This article provides an overview of MCP servers and information that will help you use Iterable's MCP Server. You can find additional details in Setting up Iterable's MCP Server.
BETA FEATURE
Iterable's MCP Server is currently in beta. MCP functionality may change, be suspended, or be discontinued at any time without notice. This software is provided "as is" and is open source and ready for you to experiment with. For more information, refer to Iterable Beta Terms.
See the readme file
for all the details about this feature, including the latest requirements and updates.
# In this article
# What is MCP?
Model Context Protocol (MCP) is an open standard that helps AI assistants (like Cursor or Claude Desktop) connect safely to external tools and their APIs. Think of MCP as a "bridge" that lets your AI app talk to platforms like Iterable.
You control the data and actions that are available to the AI agent by configuring the MCP server, and then the server enforces the rules that you set.
While Iterable's MCP Server is intended for technical users who understand how to configure and test connectors safely, you don’t need to know how to code or use APIs to use an MCP server. Once you've configured it, you can ask questions or perform actions in plain English, and the MCP server translates them for you into safe API calls.
# What's special about Iterable's MCP Server?
Iterable's MCP Server enables your AI assistant (LLM) to perform specific actions or queries directly in Iterable. The LLM can access nearly all of Iterable's existing API endpoints, so whatever you can do with our API, you can do by talking to your AI assistant, once Iterable's MCP Server is enabled.
TIP
As with any LLM, results can vary depending on the quality of the LLM's understanding of the question and the context you provide, so if you don't get the results you want the first time, try again with a different prompt.
# Things you should consider
Keep these things in mind when using Iterable's MCP Server.
Make sure that you're using AI tools that are approved by your organization and that you're accessing Iterable data in a way that aligns with your organization's policies. It's up to you to monitor for risks that are associated with the integrity and security of your Iterable environment.

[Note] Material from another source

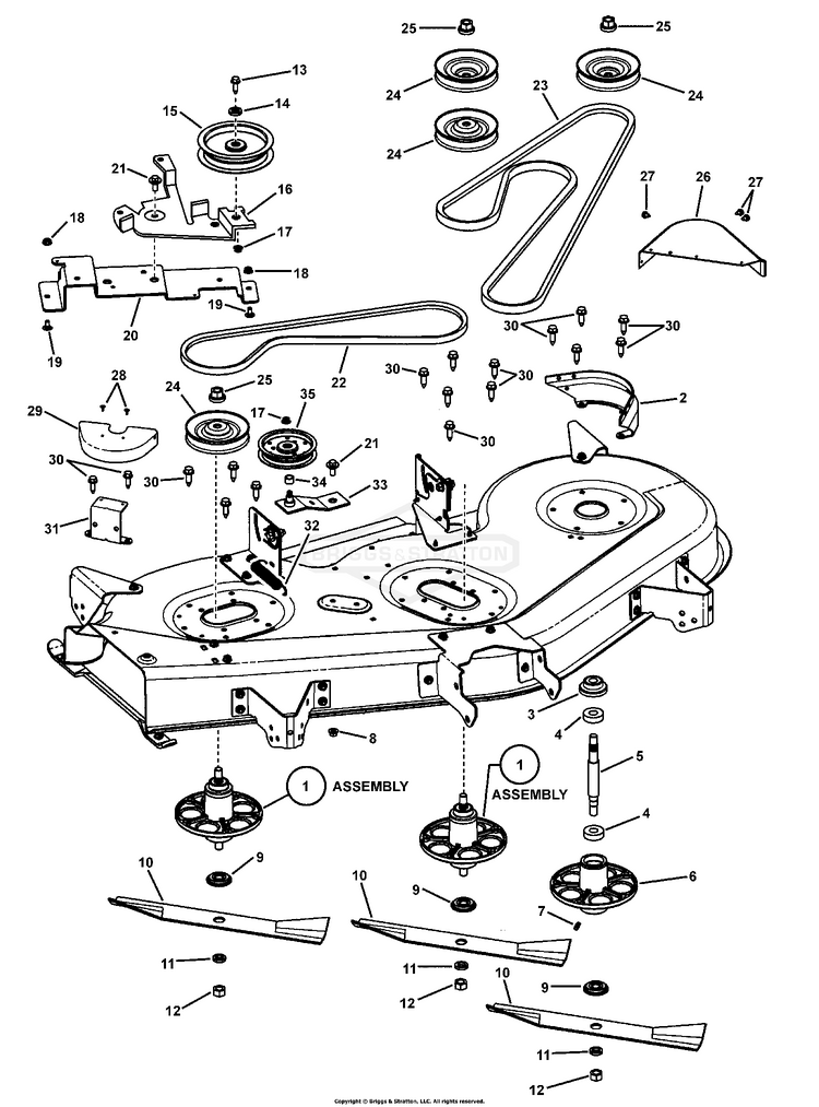 Zeichnung Snapper 7800318 - SLT24520FC, 52" 24HP Lawn Tractor LT100 Series aus der Zeichnungsgruppe 52" Deck Blade Drive Assembly:

API endpoints called by Iterable's MCP Server use the same rate limits as all other API consumers. When using endpoints that are rate-limited either per project or per organization, usage is aggregated with other API consumers. This means that using your MCP server may compete for API resources. When API requests exceed rate limits, the MCP server receives a 429 response and does not automatically retry.
Project data related to the queries you make doesn't persist on Iterable's MCP Server; responses are available only for your current AI session.
# Best practices
In addition to general best practices for using AI assistants, keep these in mind when using Iterable's MCP Server:
Iterable's MCP Server provides read capabilities, by default. You can enable write capabilities by enabling the
advancedfeature flag — for information, see thereadmefile. We recommend that you test write operations in a sandbox environment before trying them in production.Before sending any generated campaign or other content, send proofs to yourself first.
Your API key permissions govern access. Use the least-privileged key you can. For more information, refer to API Keys.
# What's supported
View the available Iterable MCP tools.
Experiments are currently supported only for email.
Tool behavior (along with supported permissions) mirrors the underlying Iterable API.
# Example uses and helpful tips
With Iterable's MCP Server, you can ask your AI assistant to look up a user, list campaigns, create a template, or send email. It's up to the LLM to figure out which tools to use to address your question. For example, you might ask your AI assistant to:
- "Summarize active campaigns right now."
- "Show email performance (opens/clicks) for the last seven days."
- "Show list memberships for
user@example.com." - "Create a new campaign from template template_id and schedule it to send to a sandbox tomorrow at 9:00 a.m."
- "List product catalogs and show 10 items from demo-catalog."
- "Enable debug logs and retrieve journeys filtered by state
Running."
General prompting best practices apply here, as they do with any AI assistant.